Bastion 13 is not in such good a condition as 14, and as well as once forming part of the Barber Surgeons Hall, the north west section was at the end of St Giles churchyard which as can be seen in the 1894 map above, originally curved around Bastion 12 and had a narrow extension down to Bastion 13.

Grimes writes “Bastion 13 survives only to the level of St Giles’ churchyard and has suffered extensive mutilation in other ways. Recent investigation has shown that on the north externally it ends on the city wall; to the south the junction has been destroyed. Internally, the ends of the bastion have been cut away or underpinned by modern foundations.
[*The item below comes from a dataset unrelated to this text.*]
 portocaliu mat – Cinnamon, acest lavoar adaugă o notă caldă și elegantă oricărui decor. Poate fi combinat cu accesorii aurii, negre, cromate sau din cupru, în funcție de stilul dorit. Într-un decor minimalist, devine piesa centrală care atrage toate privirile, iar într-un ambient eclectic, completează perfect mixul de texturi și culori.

In spite, however, of the low level of the cellar enough remained to show that the foundation, a little over 2 feet deep, was set in the floor of the Roman city ditch, the base of which has survived”.
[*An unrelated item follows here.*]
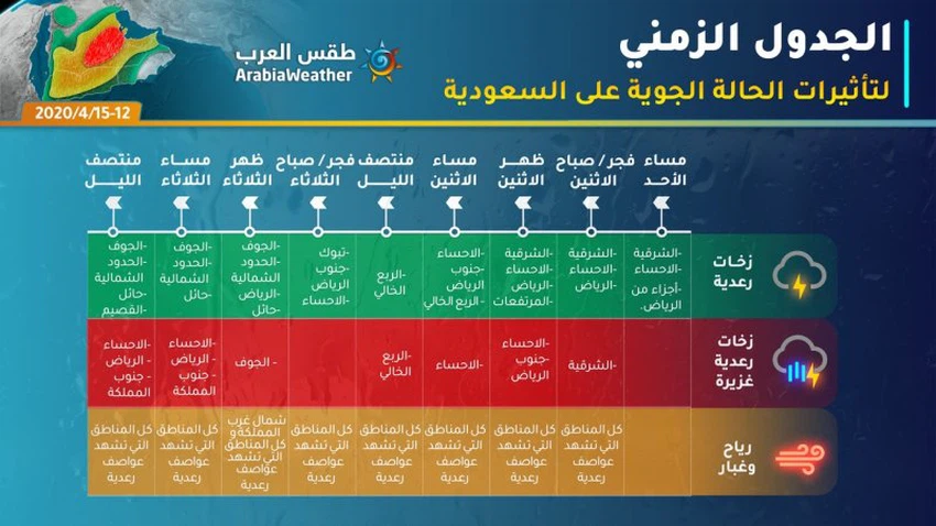 طقس العرب - سنان خلف - تتأثر المملكة العربية السُعودية اعتباراً من يوم الإثنين بأول حالة جوية ربيعية يُمكن وصفها بأنها الأقوى و الأكثر شمولية منذ بداية الربيع، بل وربما منذ بداية الموسم، تحمل في طياتها العديد من الظواهر الجوية، كالأمطار الغزيرة و العواصف الرعدية والرياح القوية وموجات الغبار، وفيما يلي تصميم يتضمن التسلسل الزمني للحالة الماطرة و المناطق الأكثر تأثراً بها

A closer view of Bastion 13 and the adjacent Barber Surgeons Hall:

Bastion 14

Continuing walking north and there are more walls from the buildings that once stood here.

Bastion 14

On a sunny morning it is hard to believe that you are so close to London Wall and the Barbican:

Bastion 14

Approaching the northern end of the green space, part of what was St Giles’ churchyard and the buildings along Well Street have disappeared under one of the lakes built as part of the Barbican development.

Bastion 14

At the end we find Bastion 12 which formed the north west corner of the Roman Fort / City Wall, and from here the wall turned to the right, running to the south of the church which was “without” the City wall.

Bastion 14

Grimes does not have too much to say about Bastion 12, and refers to it as “the well known Cripplegate bastion”. Bastion 14 had been hidden within pre-war buildings, Bastion 13 had been part of the Barber Surgeons Hall, so they were the main points of interest.

In Gustav Milne’s book, reference is made to the bastion as standing “some 9m above the contemporary ground surface, which has been substantially lowered since the 1950s during landscaping”. So, the exterior probably looked like Bastion 14 in my father’s 1947 photo with much of the bastion still below the pre-war ground level.
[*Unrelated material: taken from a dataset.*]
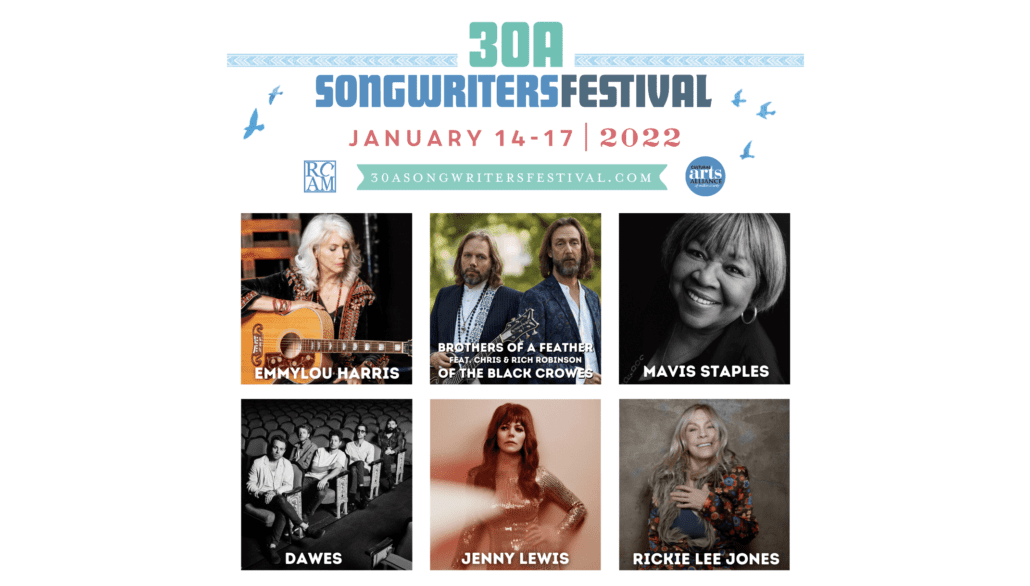 The 30A Songwriters Festival has announced its headliners for 2022 which will include Brothers of a Feather (Feat. Chris & Rich Robinson of the Black Crowes), Mavis Staples, Emmylou Harris, Dawes and Jenny Lewis.

Bastion 12 was excavated in 1947, but unlike Bastion 14, no artifacts were recovered from the interior. The bastion had already been excavated at the start of the 20th century and it had been through a number of restorations which made interpretation of the age of phases of the bastion somewhat complicated.

Bastion 12 may have been part of Lamb’s Chapel which I explored in my Monkwell Street post.

Looking back at some of the pre-war walls that remain:

Bastion 14

The following print from the LMA Collage archive and dated 1779 shows Bastion 12 at the point where St Giles’ churchyard curves round to extend down to Bastion 13.

Bastion 14Image credit: London Metropolitan Archives, City of London: catalogue ref: q4769128

At the right edge of the print is Bastion 13 as it was included in the Barber Surgeons Hall. The following print from 1800 shows the bay extension to Barber Surgeons Hall in detail. The medieval bastion 13 was incorporated within this feature.

Bastion 14

 

Image credit: London Metropolitan Archives, City of London: catalogue ref: v9041147

The following print from 1841 shows Bastion 12 with the churchyard of St Giles’ curving round the bastion  © The Trustees of the British Museum.

Bastion 14

Grimes book was published in 1968 and allowed some discoveries to be included which had not been part of the original excavations. As part of the Barbican development, the churchyard around St Giles’ was lowered ready for the Wallside building along the southern edge of the development, with space for grass and a water feature.

This lowering of the ground level revealed the remains of a new bastion. This was identified as Bastion 11A as it was between the known Bastion 12 and Bastion 11 at All-Hallows-on-the-Wall.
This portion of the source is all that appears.